- **Your assignment**
Only these lines of the data below are wanted: the one with "معطف ترنش بلون", the one with "Librairie d'Art Ludovic", and any lines between them, each repeated exactly.

- **Material for the task**
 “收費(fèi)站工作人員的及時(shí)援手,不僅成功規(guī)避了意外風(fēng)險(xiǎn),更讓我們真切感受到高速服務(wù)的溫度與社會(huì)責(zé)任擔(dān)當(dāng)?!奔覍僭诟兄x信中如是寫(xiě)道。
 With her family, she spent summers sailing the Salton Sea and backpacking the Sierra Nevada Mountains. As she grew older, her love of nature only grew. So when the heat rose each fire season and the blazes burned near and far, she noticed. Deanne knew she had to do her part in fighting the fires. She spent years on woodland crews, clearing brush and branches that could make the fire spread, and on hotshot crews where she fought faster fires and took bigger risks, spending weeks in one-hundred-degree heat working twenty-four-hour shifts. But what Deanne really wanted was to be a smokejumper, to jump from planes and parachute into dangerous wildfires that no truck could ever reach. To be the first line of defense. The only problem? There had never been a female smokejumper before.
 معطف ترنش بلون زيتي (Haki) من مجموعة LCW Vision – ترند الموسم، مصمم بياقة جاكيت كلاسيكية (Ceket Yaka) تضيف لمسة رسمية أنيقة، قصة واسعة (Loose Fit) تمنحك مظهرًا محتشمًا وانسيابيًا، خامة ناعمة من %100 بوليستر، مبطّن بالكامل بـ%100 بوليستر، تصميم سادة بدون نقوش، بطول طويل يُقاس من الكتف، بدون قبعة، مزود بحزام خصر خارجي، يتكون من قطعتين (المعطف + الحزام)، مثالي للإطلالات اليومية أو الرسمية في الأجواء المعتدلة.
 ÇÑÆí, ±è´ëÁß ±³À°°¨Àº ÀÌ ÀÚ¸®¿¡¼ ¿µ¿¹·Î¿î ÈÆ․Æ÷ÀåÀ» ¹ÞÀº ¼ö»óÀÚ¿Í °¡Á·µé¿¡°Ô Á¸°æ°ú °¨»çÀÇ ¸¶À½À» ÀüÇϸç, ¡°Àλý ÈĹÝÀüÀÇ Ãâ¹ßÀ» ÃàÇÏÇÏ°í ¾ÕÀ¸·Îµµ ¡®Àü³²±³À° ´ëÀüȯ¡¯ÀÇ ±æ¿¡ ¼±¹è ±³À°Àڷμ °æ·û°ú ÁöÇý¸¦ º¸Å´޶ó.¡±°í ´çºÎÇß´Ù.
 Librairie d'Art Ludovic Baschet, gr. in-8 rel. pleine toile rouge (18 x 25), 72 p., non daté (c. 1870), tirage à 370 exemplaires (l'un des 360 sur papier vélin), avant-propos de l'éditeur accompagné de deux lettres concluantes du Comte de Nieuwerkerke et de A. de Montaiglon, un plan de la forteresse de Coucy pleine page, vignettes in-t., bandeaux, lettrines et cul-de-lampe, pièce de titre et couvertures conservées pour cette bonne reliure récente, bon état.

==

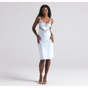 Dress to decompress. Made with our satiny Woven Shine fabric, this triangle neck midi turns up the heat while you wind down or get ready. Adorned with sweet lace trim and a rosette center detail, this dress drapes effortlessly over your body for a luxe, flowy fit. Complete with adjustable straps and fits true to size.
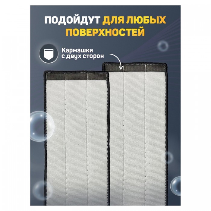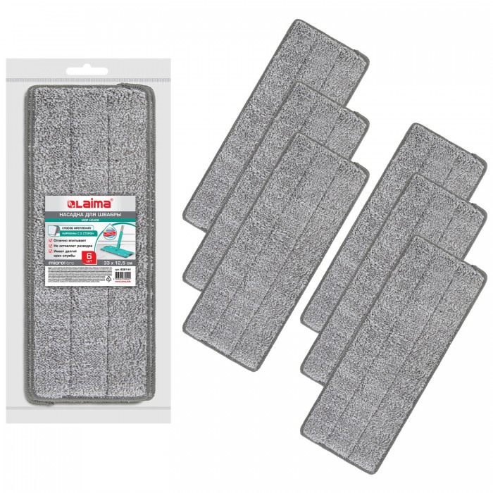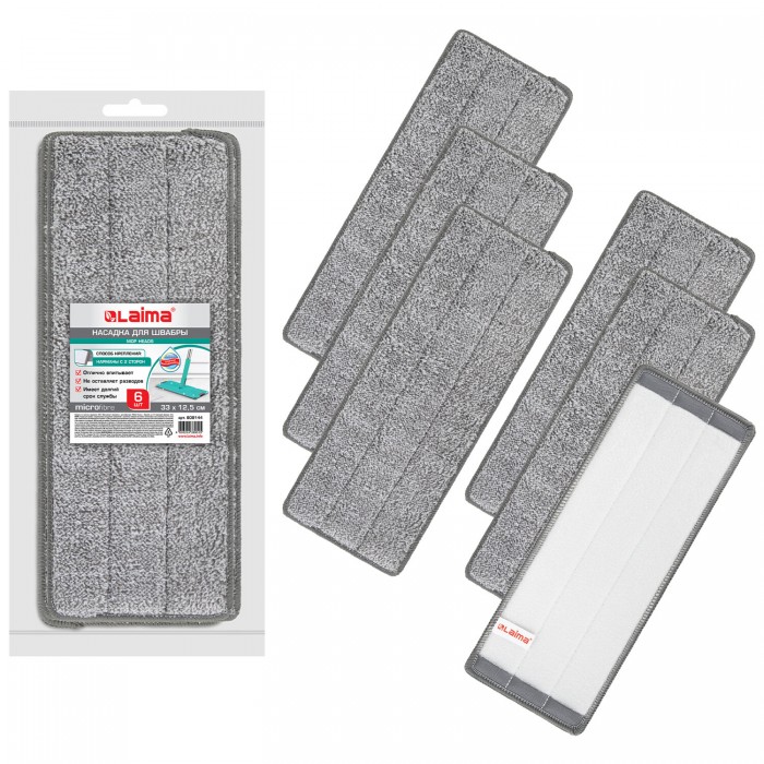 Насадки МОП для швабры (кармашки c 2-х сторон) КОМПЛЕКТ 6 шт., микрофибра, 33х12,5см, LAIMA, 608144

* * *

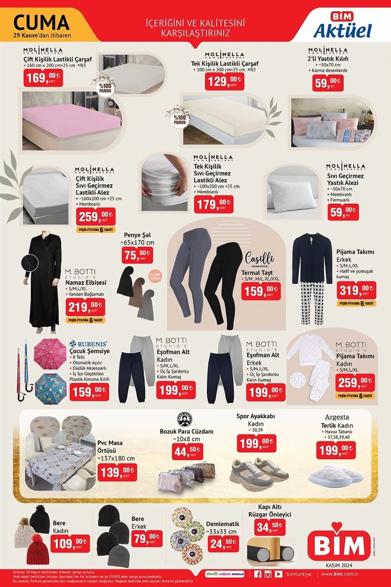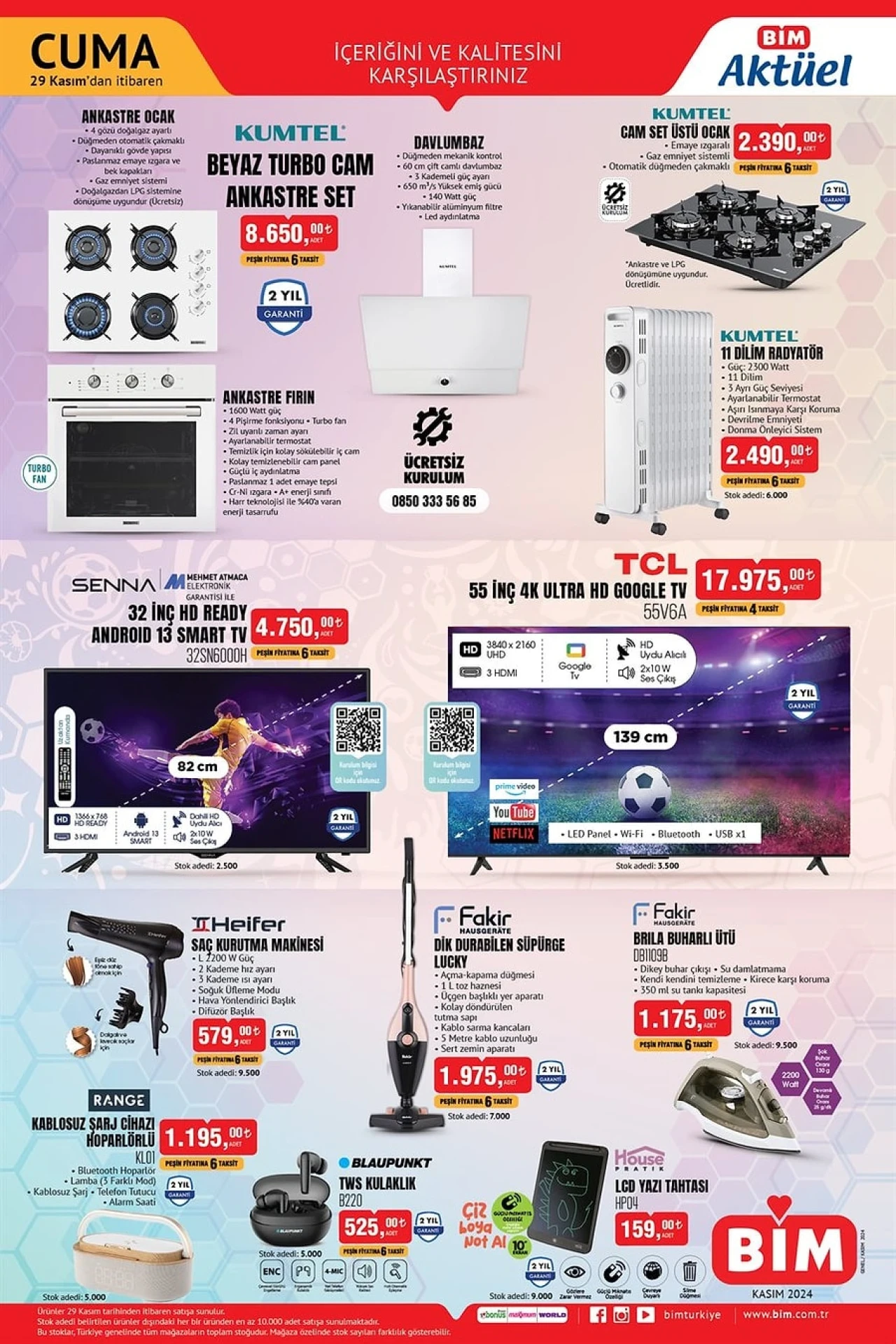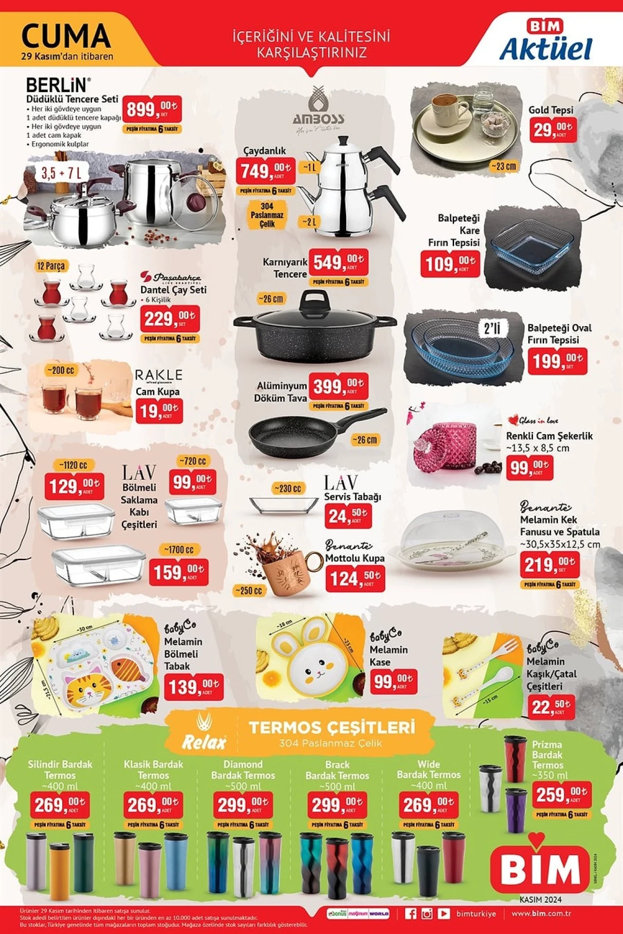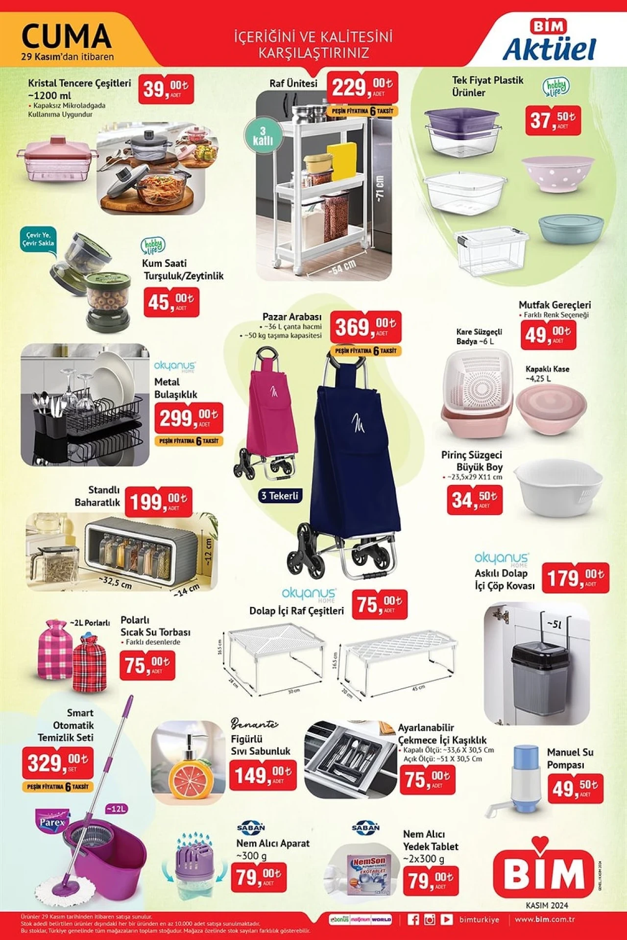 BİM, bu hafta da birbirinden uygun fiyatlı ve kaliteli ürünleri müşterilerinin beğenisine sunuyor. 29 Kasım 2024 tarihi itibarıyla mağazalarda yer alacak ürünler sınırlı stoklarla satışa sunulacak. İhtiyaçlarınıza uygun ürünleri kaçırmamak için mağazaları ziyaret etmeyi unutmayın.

- **Task response**
 معطف ترنش بلون زيتي (Haki) من مجموعة LCW Vision – ترند الموسم، مصمم بياقة جاكيت كلاسيكية (Ceket Yaka) تضيف لمسة رسمية أنيقة، قصة واسعة (Loose Fit) تمنحك مظهرًا محتشمًا وانسيابيًا، خامة ناعمة من %100 بوليستر، مبطّن بالكامل بـ%100 بوليستر، تصميم سادة بدون نقوش، بطول طويل يُقاس من الكتف، بدون قبعة، مزود بحزام خصر خارجي، يتكون من قطعتين (المعطف + الحزام)، مثالي للإطلالات اليومية أو الرسمية في الأجواء المعتدلة.
 ÇÑÆí, ±è´ëÁß ±³À°°¨Àº ÀÌ ÀÚ¸®¿¡¼ ¿µ¿¹·Î¿î ÈÆ․Æ÷ÀåÀ» ¹ÞÀº ¼ö»óÀÚ¿Í °¡Á·µé¿¡°Ô Á¸°æ°ú °¨»çÀÇ ¸¶À½À» ÀüÇϸç, ¡°Àλý ÈĹÝÀüÀÇ Ãâ¹ßÀ» ÃàÇÏÇÏ°í ¾ÕÀ¸·Îµµ ¡®Àü³²±³À° ´ëÀüȯ¡¯ÀÇ ±æ¿¡ ¼±¹è ±³À°Àڷμ °æ·û°ú ÁöÇý¸¦ º¸Å´޶ó.¡±°í ´çºÎÇß´Ù.
 Librairie d'Art Ludovic Baschet, gr. in-8 rel. pleine toile rouge (18 x 25), 72 p., non daté (c. 1870), tirage à 370 exemplaires (l'un des 360 sur papier vélin), avant-propos de l'éditeur accompagné de deux lettres concluantes du Comte de Nieuwerkerke et de A. de Montaiglon, un plan de la forteresse de Coucy pleine page, vignettes in-t., bandeaux, lettrines et cul-de-lampe, pièce de titre et couvertures conservées pour cette bonne reliure récente, bon état.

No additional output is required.